My reads are in that format.

DenisGoryunov commented 6 years ago

Hi, It seems i have the same kind of data. Please check my recent post on Biostars: https://www.biostars.org/p/324429/#324738

marcelm commented 6 years ago

Could one of you send me some small part of your dataset (with just a couple of reads)? I would also need to know what the forward_barcode_sequence, forward_primer_sequence, reverse_primer_sequence, reverse_barcode sequences are (these aren’t random barcodes I assume). You can send this to me privately at marcel.martin@scilifelab.se, but mention it here if you have done so.
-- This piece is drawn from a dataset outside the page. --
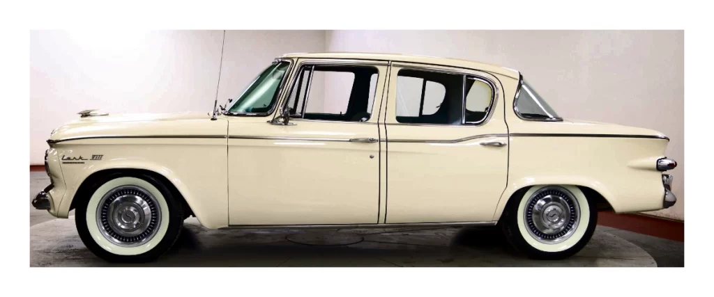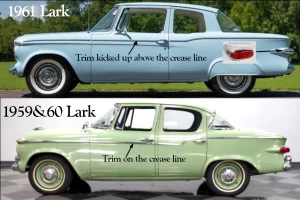 Quick Tells: 1960 Larks have VI or VIII badges on the front fenders. 1959 Larks have “Studebaker” front fender Badges.

However, note that I will not have time to work on this until middle of August at the earliest.

DenisGoryunov commented 6 years ago

Hi, Unfortunately my data are already demultiplexed by sequencing facility. But to my understanding the task is exactly the same (see detailed discription on Biostars). In case you still need my data please let me know. This may be useful for understanding of dual index technology: https://www.drive5.com/usearch/manual/pipe_demux.html

marcelm commented 5 years ago

As a summary for myself: There are two different dual indexing strategies used by Illumina

Combinatorial indexing uses 8 different i5 indices and 12 different i7 indices. These used together allow for 96 combinations.
Non-redundant indexing (unique dual indexes, UDI) uses 96 unique i5 indices and 96 unique i7 indices. Apparently, these are only ever used in pairs, that is, the first i5 index is always used with the first i7 index and so on.

For dealing with this type of data in Cutadapt, we need two options.

For combinatorial indexing, an idea could be to allow not only {name} in the demultiplexing file name template, but perhaps something like {name1}{name2}, where {name1} is the name of the adapter (barcode) that was found in R1 and {name2} is the name of the adapter (barcode) that was found in R2.
For UDI, the --pair-adapters option suggested in #347 would be necessary.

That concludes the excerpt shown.